The second biggest annoyance, is the hoops I have to jump thru to join a parent to two (or more) sets of child rows without either multiplying everything or dropping data.


A project from 2010 that's stalled half-way through in alpha state.

Still, he is quite correct. You still need a Structured Data Query Language.


SQL remains a useful tool in the box, but while SQL and NoSQL are fighting it out to be the default go-to database technology, something else on the horizon is threatening the concept of having any database separate from the app at all: persistent in-application state.

We don't need a database if we can just load the application state in RAM and save it back via serialization. This works well in surprisingly many cases.


That's a fairly traditional no-DB approach [1], but what's the reason to believe the dominance of that approach is on the horizon?
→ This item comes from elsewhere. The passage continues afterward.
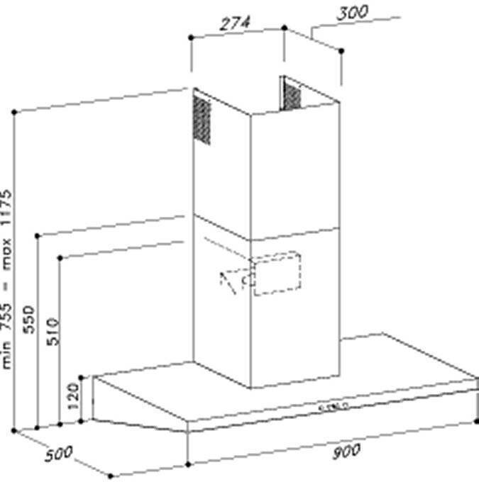 Form factor: dome, operating modes: exhaust / circulation, maximum productivity: 500 m³/hour, installation type: wall-mounted, lighting type: halogen lamp, installation width: 90 cm, additional functions: intensive
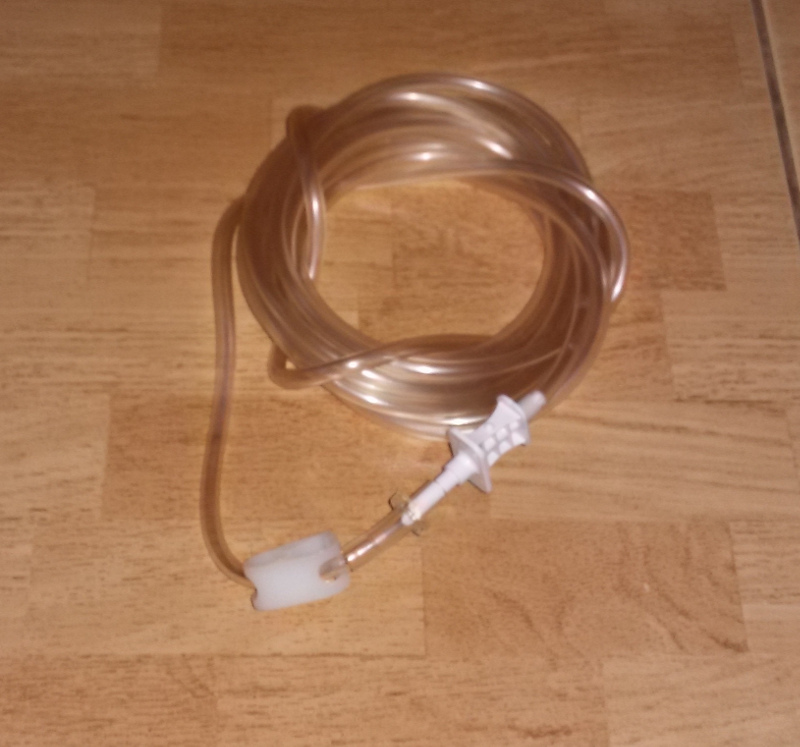 1. Трубка длиной 3.65м с наконечниками, вставляются друг в друга, несколько таких трубок можно легко соединить в одну длинную. 2. Трубка длиной 3.0м с белым наконечником 3. Короткие трубки длиной 0.8м с синими наконечниками 4. Трубка длиной 0.9м с разветвлением (0.4м+2х0.5м)и двумя синими наконечниками. 5. Трубка длиной 1.4м с ответным наконечником для "первой" трубки. На длине 0.7м имеет ответвление длиной 0.1м с синим наконечником. Синие наконечники герметично соединяются с белыми (кроме "первой" трубки) по резьбе, достаточно одного оборота.

[1] Common Lisp has a particularly nice system for doing it transparently, http://common-lisp.net/project/elephant/, and I believe HN is implemented using a DB-via-serialization strategy as well


Actor systems.

Actor systems allow this to scale and cross the machine boundary without having some dedicated database product doing it for us.
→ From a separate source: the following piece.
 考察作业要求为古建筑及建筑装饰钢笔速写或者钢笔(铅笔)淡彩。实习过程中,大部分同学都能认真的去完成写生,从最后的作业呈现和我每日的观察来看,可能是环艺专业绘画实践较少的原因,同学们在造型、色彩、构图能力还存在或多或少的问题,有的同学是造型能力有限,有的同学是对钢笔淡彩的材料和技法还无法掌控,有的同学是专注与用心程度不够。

I've noticed that the more I work with actor systems (each actor is stateful and keeps its own state), the less I use databases.
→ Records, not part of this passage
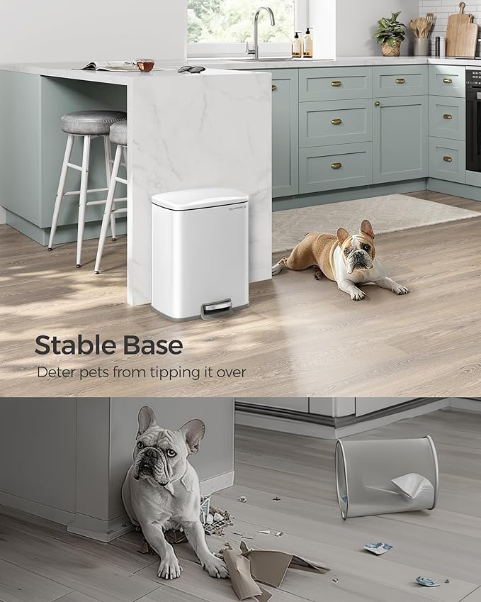 - 【HEAVY-DUTY AND STABLE】Made with a stainless steel body, this garbage can is sturdy, rust-resistant, and easy to clean for extended use. The non-slip pads on the base keep the bin stable, deterring pets from tipping it over
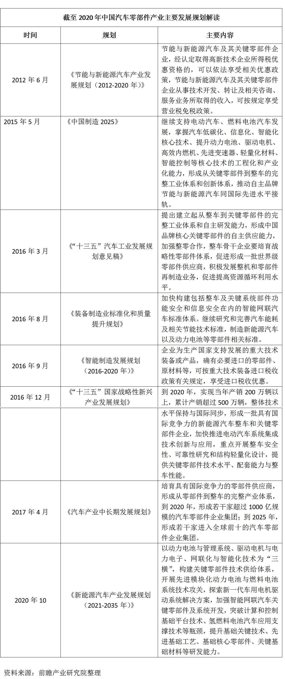 为促进我国汽车零部件行业积极健康发展,近年来我国相关部门颁布了行业相关政策发展规划。2016年12月7日,工业和信息化部、财政部联合发布了《智能制造发展规划(2016-2020年)》,提到企业为生产国家支持发展的重大技术装备或产品,确有必要进口的零部件、原材料等,可按重大技术装备进口税收政策有关规定,享受进口税收优惠。
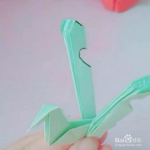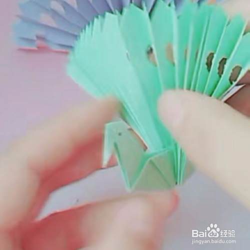 第七,用胶水把中间粘起来,如下图,然后再打开即可,用水笔给他点两只眼睛,这样一只可爱的小孔雀就折好了,喜欢的收藏点赞哦。

In fact, the idea of keep state separate from the code reading it and changing it begins to look oddly broken as a concept.


The problems with that are easy to see though: you need lots of RAM if your database is non-trivial in size. You also need to write the state to the database continuously to prevent data loss from failures. Not saying the idea doesn't have use cases, of course. Redis (for example) is pretty popular these days, but I don't see how it'll become the default go-to database.


Yes, you need to write continuously. Basically you need a transaction log. Redis unfortunately botches that part a bit (it has no performant and reliable way of persisting every change before acknowledging a "commit"), but that's roughly the idea.

However not all of your state will be persistent, so you write only the persistent parts.

For example, if you need to have an index for quick access to items based on some criteria, you don't need to store the index on disk, you can always rebuild it on startup from the rest of the data.

While there's an upper limit for the amount of data you can store this way (it has to fit in RAM), it fits very favorably in web scenarios, where you have read-heavy write-light data access patterns, and you never have to touch the disk in order to read a piece of data (guaranteed).


Personally, I find that SQL is hard to generate. It's hard to reason about the creation of dynamic queries, say, for some types of searches. It's not reasonable to create a generic function that can operate on any same-shaped piece of data. And it's ridiculously hard to manage the concept of a pointer to a piece of data which could be one of many types, a problem I'm sure most people have faces.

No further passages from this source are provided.